We cannot take our materials resources for granted. A study in 201340 found that, for 12 of 62 different metals and metalloids currently in use, substitutes are either inadequate or non-existent. Although scarcity of important materials is nothing new, today the market is more global and thus more susceptible to the vagaries of international geopolitics — just as the Russian invasion of Ukraine has demonstrated for energy resources. Additionally, the complexity of materials usage has increased, lengthening the roster of critical elements. A 2006 audit by the US National Research Council identified several metals, including rhodium, manganese, platinum and niobium, to be ‘at risk’ of scarcity.

Sustainability too can benefit from ML to handle big data, a notion pursued by the Computational Sustainability Network (CSN) (www.compsust.net), an initiative sponsored by the US National Science Foundation and involving 13 US academic institutions, as well as international partners.
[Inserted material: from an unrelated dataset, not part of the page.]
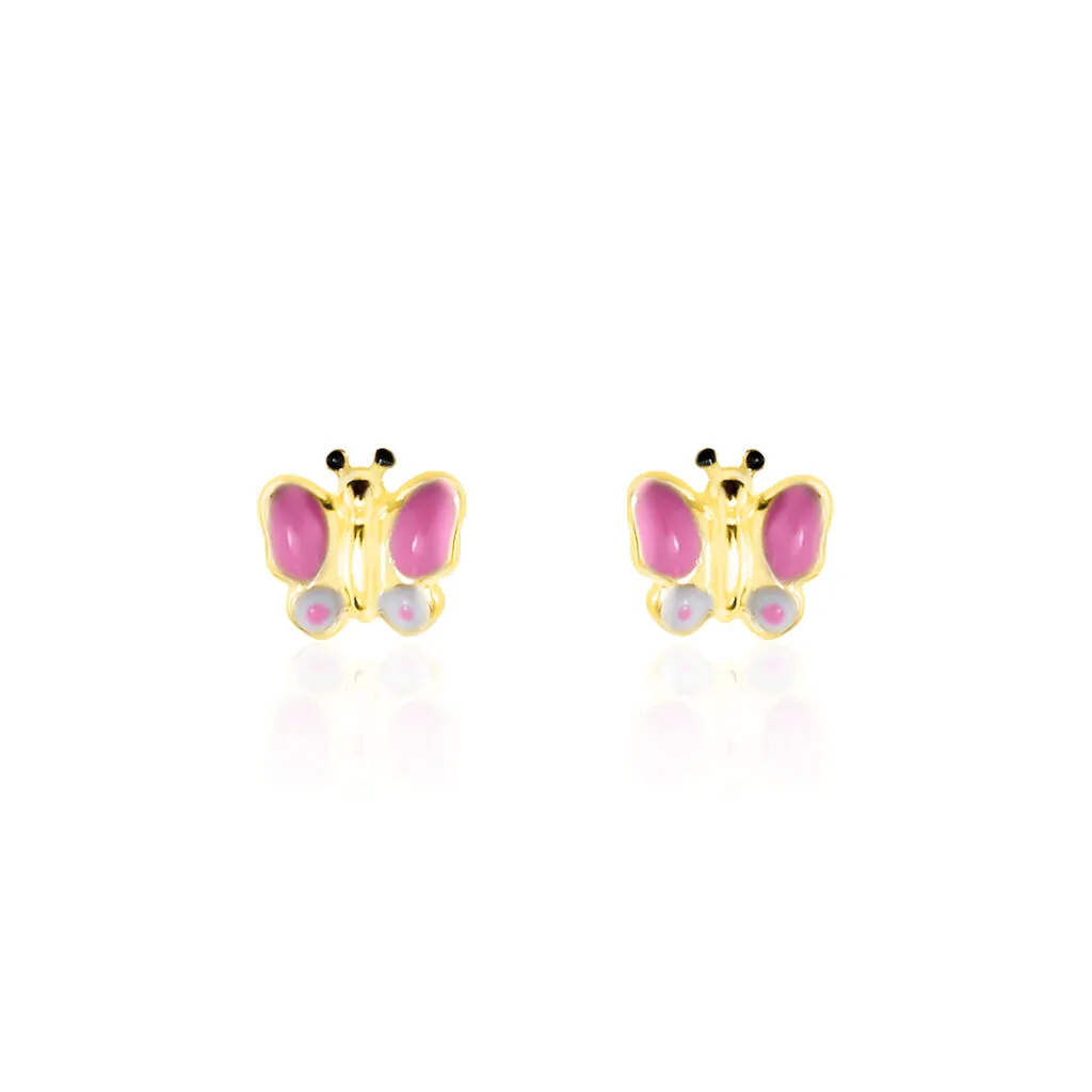 Boucles D’oreilles Or Jaune 375/1000 Papillon Smalto Rose

One major strand of the CSN is the discovery of new materials for energy generation and storage (fuel cells, batteries, solar and so on) from high-throughput X-ray diffraction experiments41, seeking to correlate observed structures with functional properties. Initiatives such as this aim to ensure that potentially useful innovations emerge already embedded in the wider picture, so that they generate not merely a citable piece of research but a technology that will make a difference to the world.

Making a difference matters more than ever. The COVID-19 pandemic has acted as a microcosm for demonstrating the interconnectedness of our technologies, our material culture and our societies. Materials scientists showed how existing know-how — for example, to make testing kits, masks and other protective clothing, and monitoring equipment — can be rapidly repurposed to meet new emerging threats. But, in a way, this experience served to highlight how much more might be done already to address the greater threat of climate change. Dramatic change is possible when the need is acknowledged, and the pandemic revealed the best of science, even in the face of some of the worst of politics and societal responses. We already know more than enough to create the material basis for a better world; the future depends on how wisely we use that knowledge.